Auch wenn der Leser so manches Mal kopfschüttelnd über die Naivität der Protagonisten staunt, amüsiert lachen muss und sich im nächsten Moment respektvoll vor der Willensstärke der Frauen innerlich verneigt, so ist das Buch durchaus ein Beweis dafür, was sich innerhalb nur weniger Generationen selbstbewusst verändern kann und wie die politischen und privaten Umstände wirken. Es sind zudem starke Mächte am Werk: Liebe, Politik und Religion.

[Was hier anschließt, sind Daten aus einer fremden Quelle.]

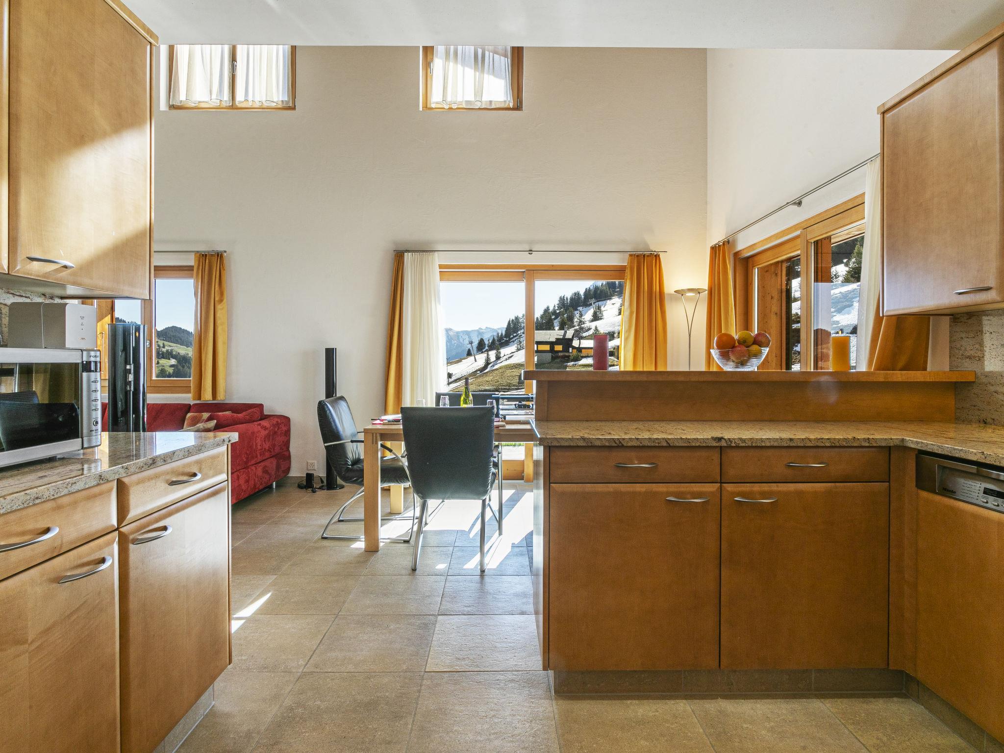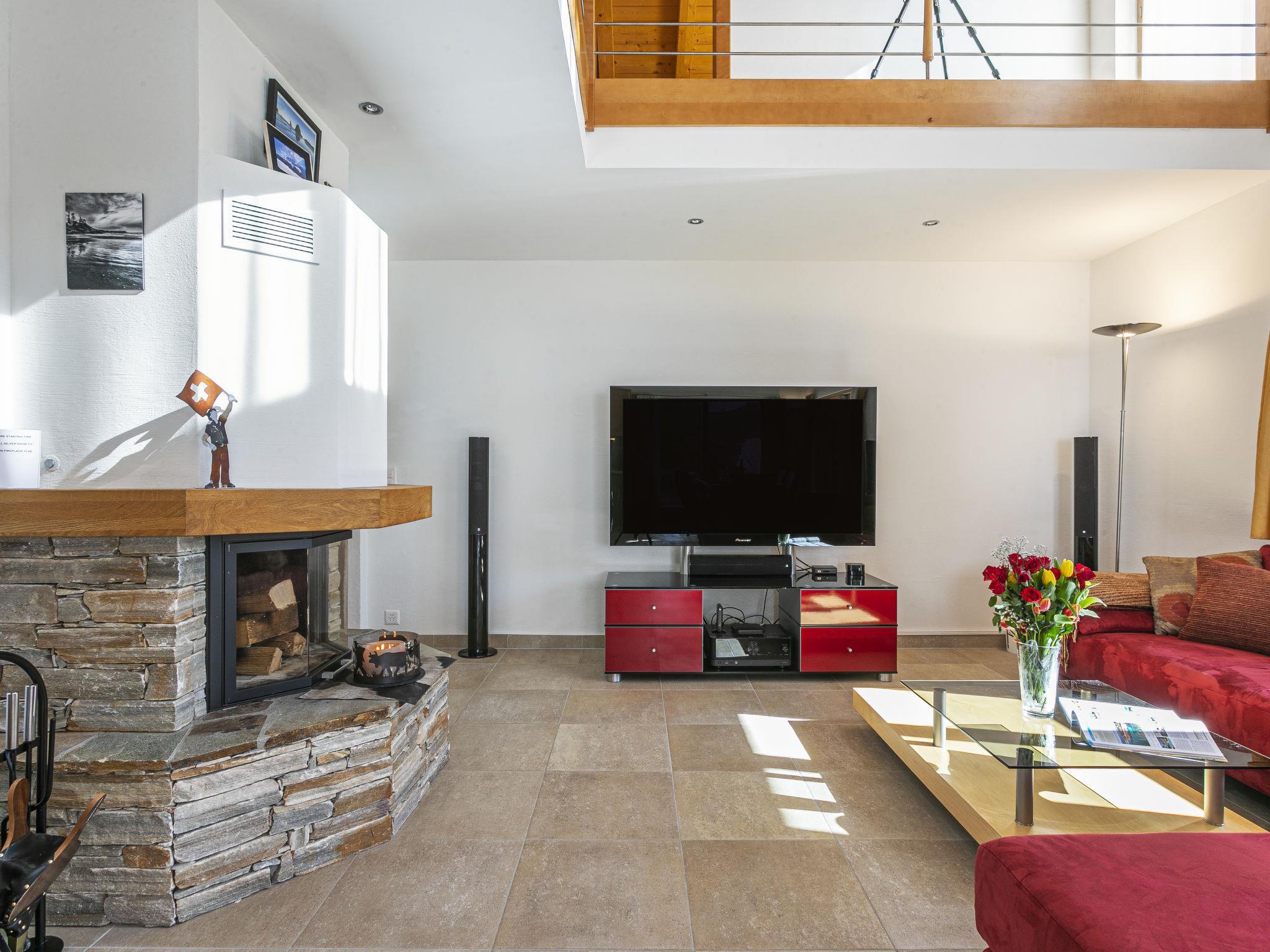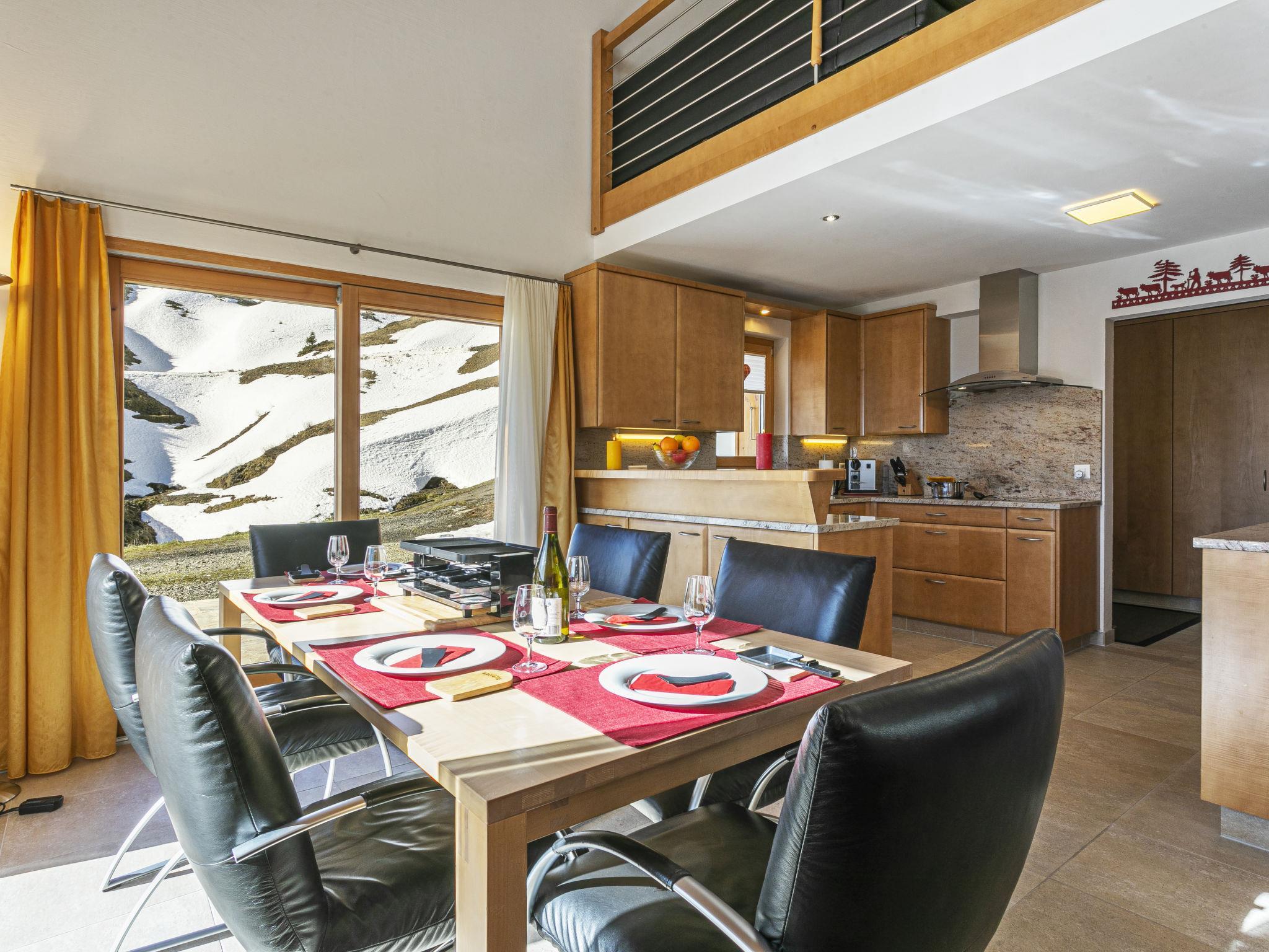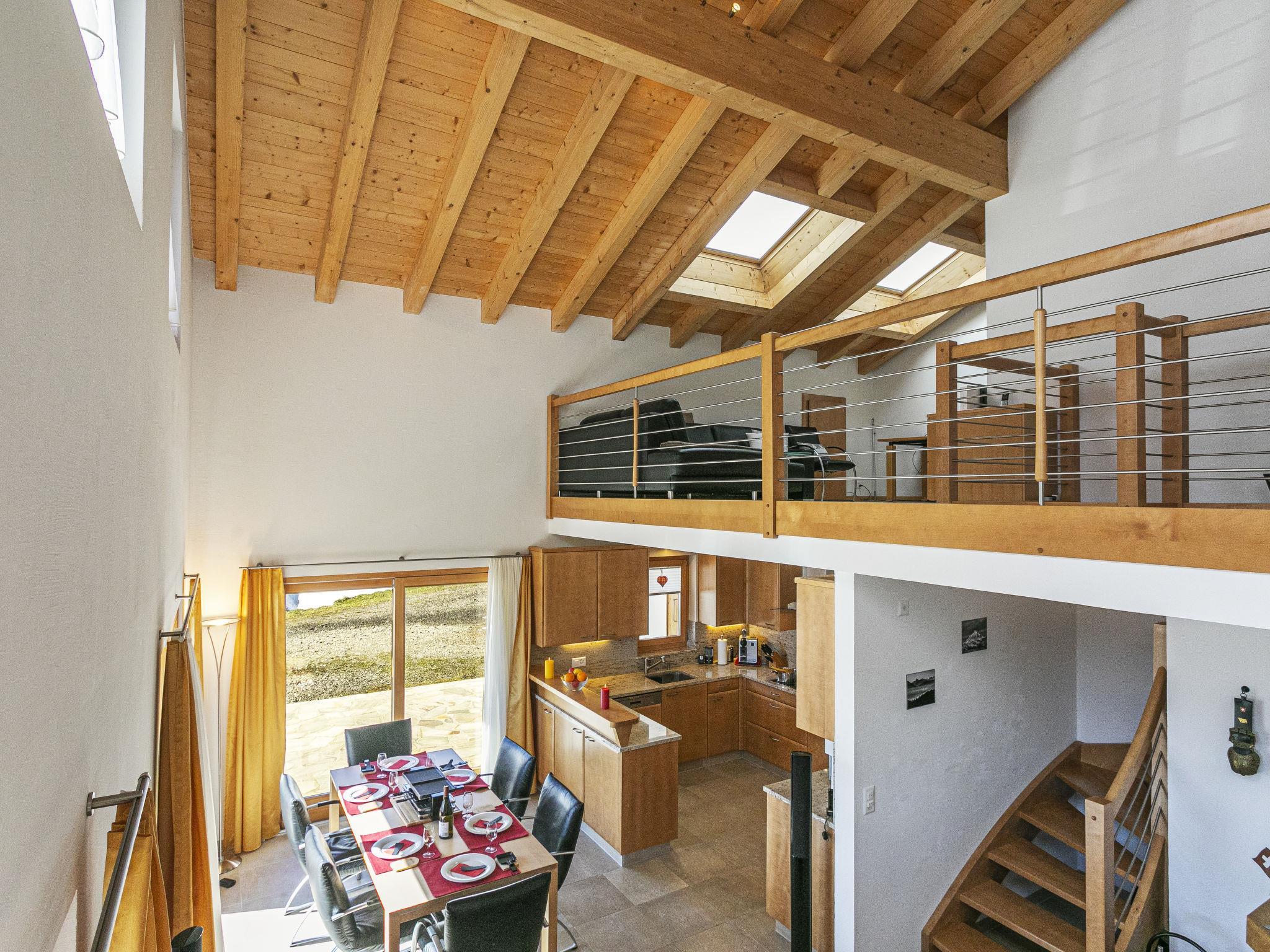 "Martens", 4-room chalet 150 m2 on 2 levels, south-west facing position. Luxurious and tasteful furnishings: living/dining room with panoramic window with open-hearth fireplace and TV. Exit to the terrace. 1 room with 1 double bed (160 cm, length 200 cm), bath/WC. Exit to the terrace. Open kitchen (oven, dishwasher, 4 ceramic glass hob hotplates, toaster, kettle, microwave, electric coffee machine, Capsules for coffee machine (Nespresso) extra, raclette grill, fondue Set (chinoise, cheese)). Sep. WC. Upper floor: 1 room with 1 double bed (160 cm, length 200 cm). 1 room with 1 double bed (160 cm, length 200 cm). Gallery. Shower/WC. Very beautiful view of the mountains, the ski run, the countryside and the resort. Facilities: Internet (WiFi). Please note: non-smokers only. In winter the access road to the chalt is closed due to snow. Multipass is included.

Hin und her gerissen zwischen zwei vollkommen unterschiedlichen Kulturen, sind die abendländische und sprachliche Prägung und das kulturelle Gedächtnis der Großmutter Elisabeth Wolff die Felsen in ihrer Lebensbrandung. Sie ist und bleibt ihrer Heimat Deutschland zeitlebens fest verbunden und ist dennoch getrieben von der Neugierde zum anderen, zum Orient. Je weiter es in den Generationen voran geht, um mehr verwischen sich die Konturen und eine etwas eigentümlich, manchmal auch kuriose vermischte Prägung ergibt sich. Die kleine Geschichte über das Weihnachtsfest steht dafür und ist im Buch amüsant beschrieben.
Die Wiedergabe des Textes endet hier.